Download the materials from here: https://lopez-ibanez.eu/2024-natcor-aac/all.zip

Setup

  1. Installing R: https://mlopez-ibanez.github.io/irace/#installing-r

  2. Install RStudio Desktop (optional but useful if you have never used R before): https://posit.co/download/rstudio-desktop/

  3. Open RStudio (or the R console) and type (this may take a while):

    install.packages("irace", repos = "https://cloud.r-project.org")
  4. Find where irace is installed. Type in the R console:

    library(irace)
    irace.cmdline("--help")
    cat(system.file(package="irace", "bin", mustWork=TRUE), "\n")

    The last command gives you the installation folder of irace, for example, /home/user/R/irace/bin. Make a note of it!

  5. You do not need to launch R or RStudio to run irace. If you visit the above folder, you will see that irace provides several executable files. You can call the executables directly from the Bash shell, Terminal or Powershell:

    /home/user/R/irace/bin/irace --help

    If you add irace’s bin/ folder to the PATH environment variable of your operating system, then you can simply type: irace --help (or irace.exe --help in Windows). How to do that is left as homework.
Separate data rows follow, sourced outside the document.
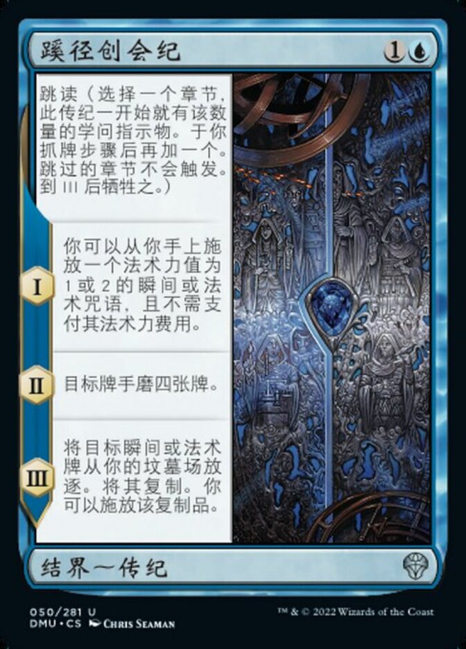 | Rules | Read ahead (Choose a chapter and start with that many lore counters. Add one after your draw step. Skipped chapters don't trigger. Sacrifice after III.) I — You may cast an instant or sorcery spell with mana value 1 or 2 from your hand without paying its mana cost. II — Target player mills four cards. III — Exile target instant or sorcery card from your graveyard. Copy it. You may cast the copy. |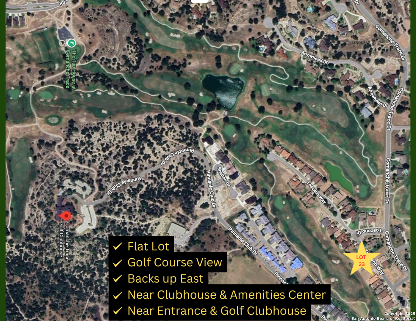 Welcome to Comanche Trace, a premier 27-hole championship golf community where luxury meets lifestyle. This spacious lot at 2041 Toscano Way offers the perfect setting to design and build your custom Hill Country retreat. Tucked in the heart of the community, you'll enjoy access to a private Guadalupe River park, a stocked fishing lake, scenic walking trails, a community garden, and more. Optional golf and social memberships open the door to resort-style amenities and connections with neighbors. Just minutes from downtown Kerrville, this homesite blends tranquility, convenience, and the opportunity to create your dream home in a sought-after location.
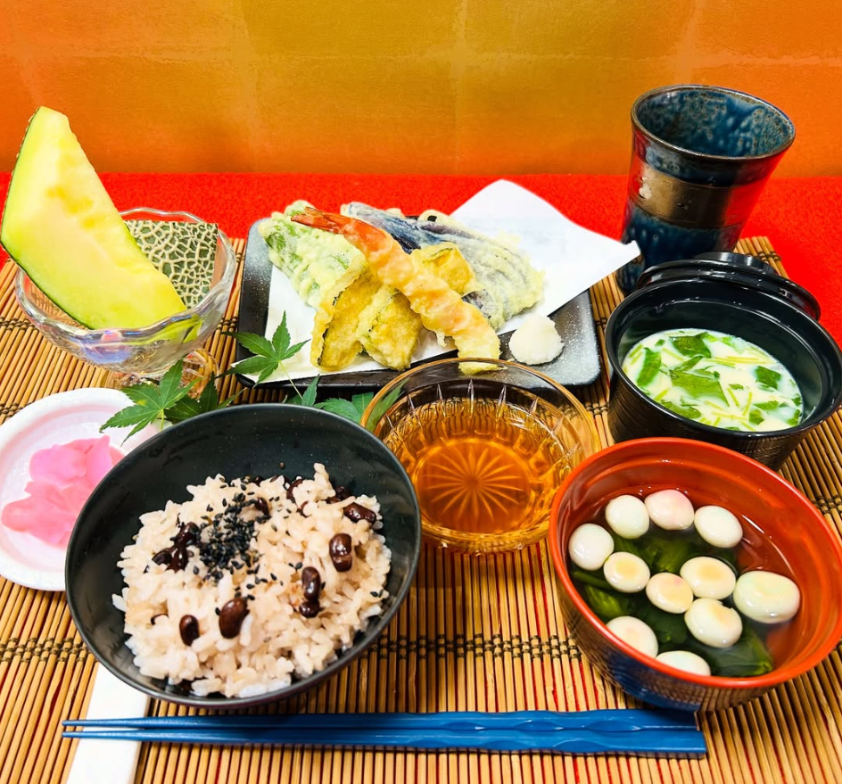 献立は、ふっくらと炊き上げた「お赤飯」を主食に、彩りも豊かな「天ぷらの盛り合わせ」、出汁の効いた「茶碗蒸し」、やさしい味わいの「お吸い物」、そしてデザートにはみずみずしい「メロン」を添え、季節を感じる華やかな内容となりました。

For simplicity, we will use the Rstudio console for the rest of this tutorial.

Install iraceplot (optional)

  1. Install rmarkdown from the R console:

    install.packages("rmarkdown", repos = "https://cloud.r-project.org")
  2. If you have installed RStudio, then you may have pandoc installed already. Otherwise, you have to follow the instructions from: https://pandoc.org/installing.html . You can verify that pandoc is correctly installed with:

    rmarkdown::find_pandoc()

    and it should print the folder where pandoc is installed. Otherwise, you need to set the correct folder where pandoc (or pandoc.exe in Windows) is located with:

    rmarkdown::find_pandoc(dir="C:/path/to/pandoc/bin/")
  3. Once the above is working, you can do:

    install.packages("iraceplot", repos = "https://cloud.r-project.org")
    library(iraceplot)
    # If you need to change the broswer, use:
    # options(browser = "google-chrome")
    example("report", ask=FALSE)

Part 1: A dummy scenario

Exercise 1: Basic usage

  1. Open the folder dummy and look at the files train-instances.txt, parameters.txt and scenario.txt.
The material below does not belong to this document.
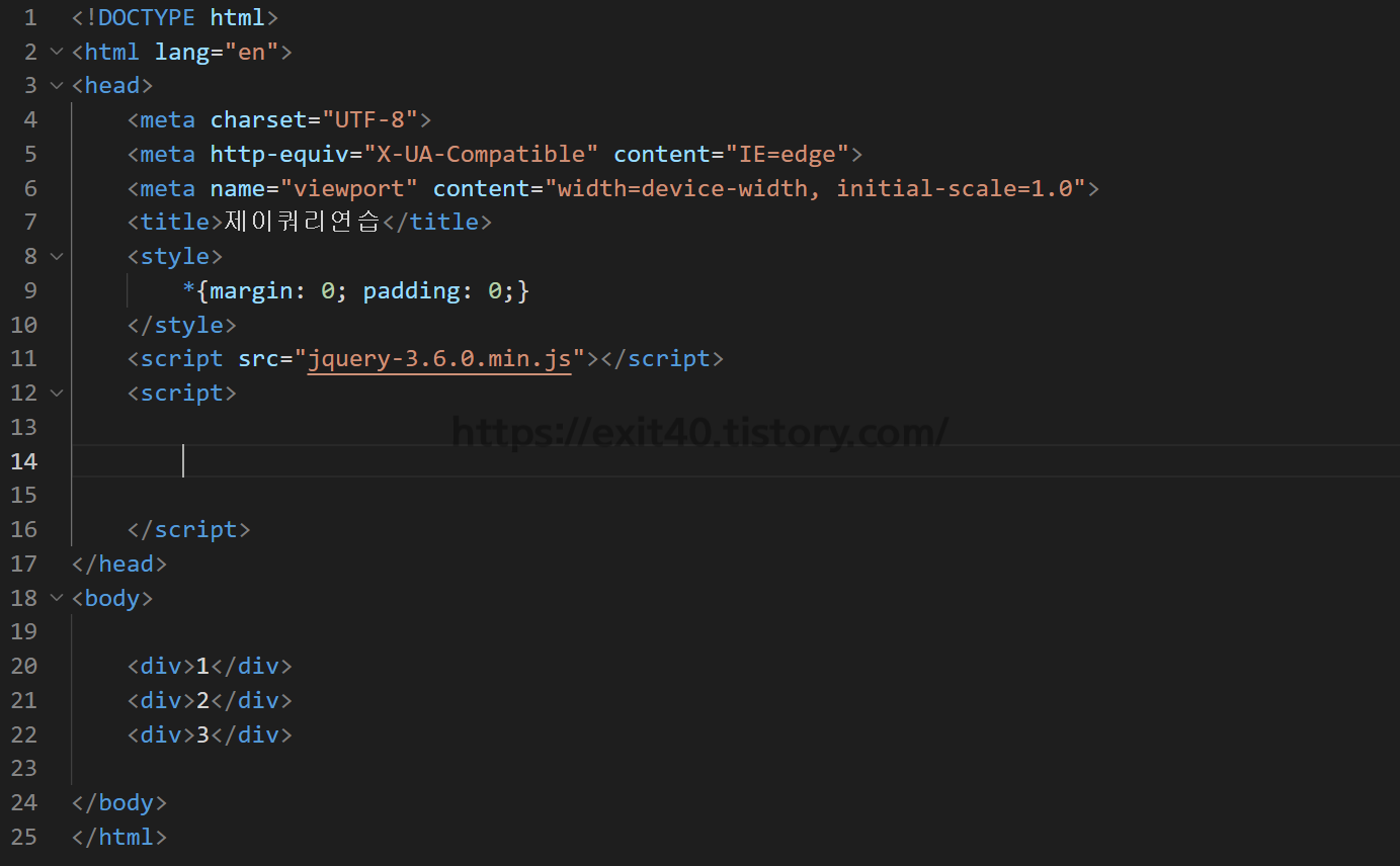그리고 <script src>으로 제이쿼리를 연결시켜준 후, body안쪽에 <div></div>로 만든 상자 3개를 작성합니다.

  2. Open the Rstudio console and change the working directory to the location of the dummy folder (Tools | Change Working Dir... or Session | Set Working Directory depending on the version of RStudio). From the R console, if the location of dummy is /path/to/dummy, then you can type:

    setwd("/path/to/dummy")
    list.files()
  3. Run irace and see what happens:

    irace.cmdline("")

    If the above command says that it cannot find the function, you need load irace first using:

    library(irace)
  4. Open parameters.txt and change the value of debug to 1. Run irace again. This example illustrates how you can communicate with the targetRunner via fixed parameters. Remember to change debug back to 0.

  5. You can also tell irace to report more details on what irace is doing:

    irace.cmdline("--debug-level 2")
  6. Let’s help irace a bit by providing an initial configuration:

    irace.cmdline("--debug-level 2 --configurations-file=initial.txt")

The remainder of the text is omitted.